'Een plek in de Veiligheidsraad is meespelen in de eredivisie'
Zweden kreeg gisteren een van de twee te verdelen tijdelijke zetels in de Veiligheidsraad van de Verenigde Naties, maar daarmee is de kous nog niet af voor Nederland. Er is namelijk nog een zetel, en die wil de regering delen met Italië. Waarom wil Nederland toch zo graag die zetel bemachtigen?
"Je zit in de eredivisie: je praat op het hoogste niveau mee", zegt voormalig vertegenwoordiger bij de NAVO en de VN, Herman Schaper.

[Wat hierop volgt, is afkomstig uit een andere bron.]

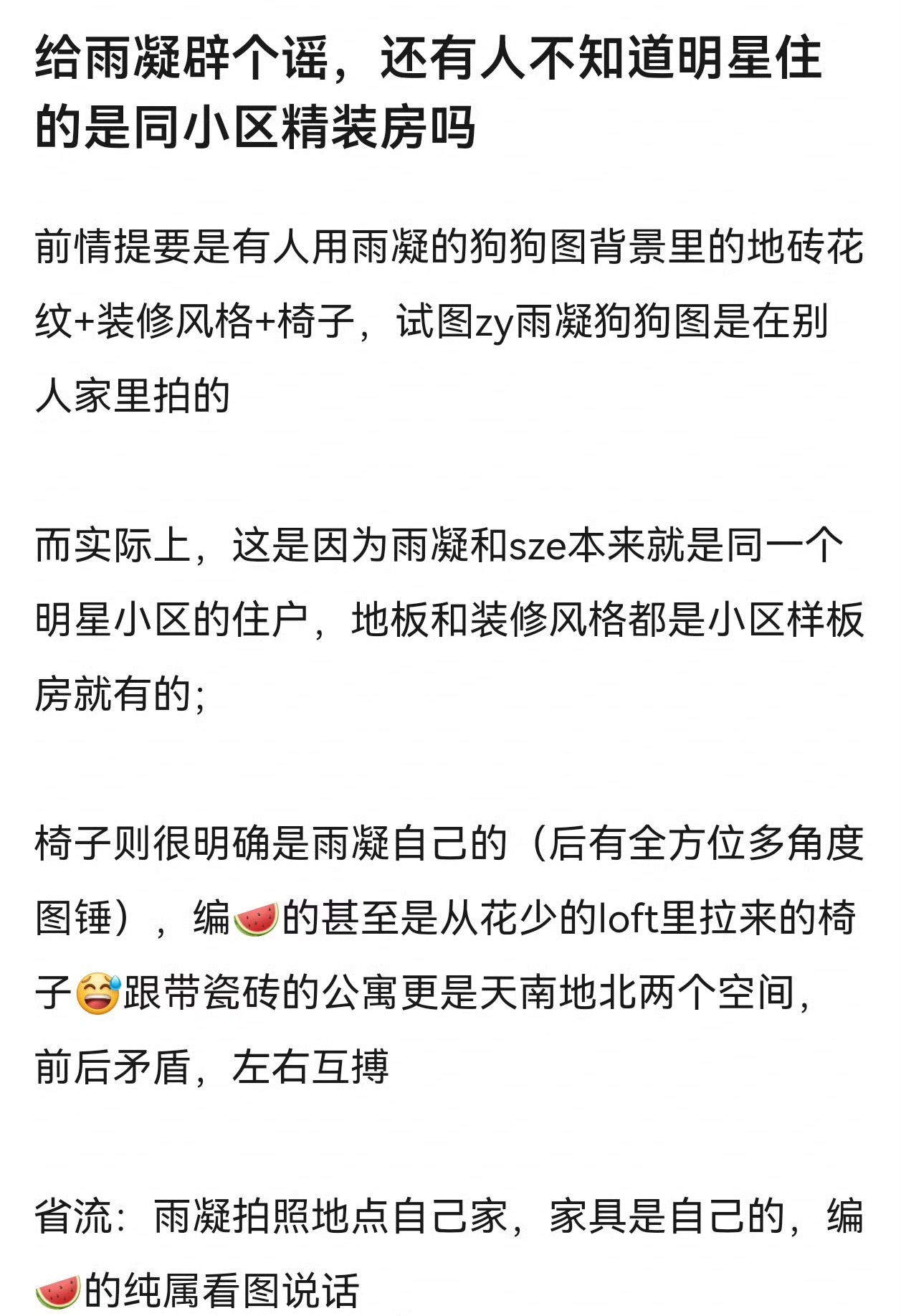 所谓的锤来锤去不还是在拿一些捕风捉影的东西硬摁头??椅子也就沾个款式类似的边,细节也根本对不上,宋祖儿小号被扒都能一步步发散成这样,这跟好好走在路上平白无故被踹一脚有什么区别、、、曝刘宇宁宋祖儿同款地板家具

In de Veiligheidsraad zitten vijf permanente leden: China, Frankrijk, Rusland, de Verenigde Staten en het Verenigd Koninkrijk. Die landen hebben vetorecht. "Die kunnen dus een besluit tegenhouden", zegt Schaper. "Maar als er een besluit genomen wordt, moeten er minimaal negen landen mee instemmen."
Eerder maakten oud-minister van Buitenlandse Zaken Jozias van Aartsen en de huidige minister Koenders al duidelijk wat het belang is van een zetel in de Veiligheidsraad.
En daar zit de crux van het verhaal, zegt Schaper. "Zelfs als de vijf permanente leden het eens zijn, hebben ze nog vier landen nodig. Dus voortdurend moet er bij stemmingen gekeken worden naar wat de niet-permanente leden ervan vinden."
Omdat Nederland veel kleiner is dan de permanente leden en er maar tijdelijk zit, is de invloed minder. "Maar niet-permanente leden tellen zeker mee. Voor een meerderheid zullen Parijs, Londen, Washington, Moskou en Peking hun oor te luisteren moeten leggen bij de Nederlanders."
Daardoor kan Nederland duidelijk maken wat het wil, zegt Schaper. "Je kunt je eigen verhaal houden en daarbij ook invloed uitoefenen. Niet alleen als iemand die wat mag zeggen, maar vooral doordat je mag meestemmen."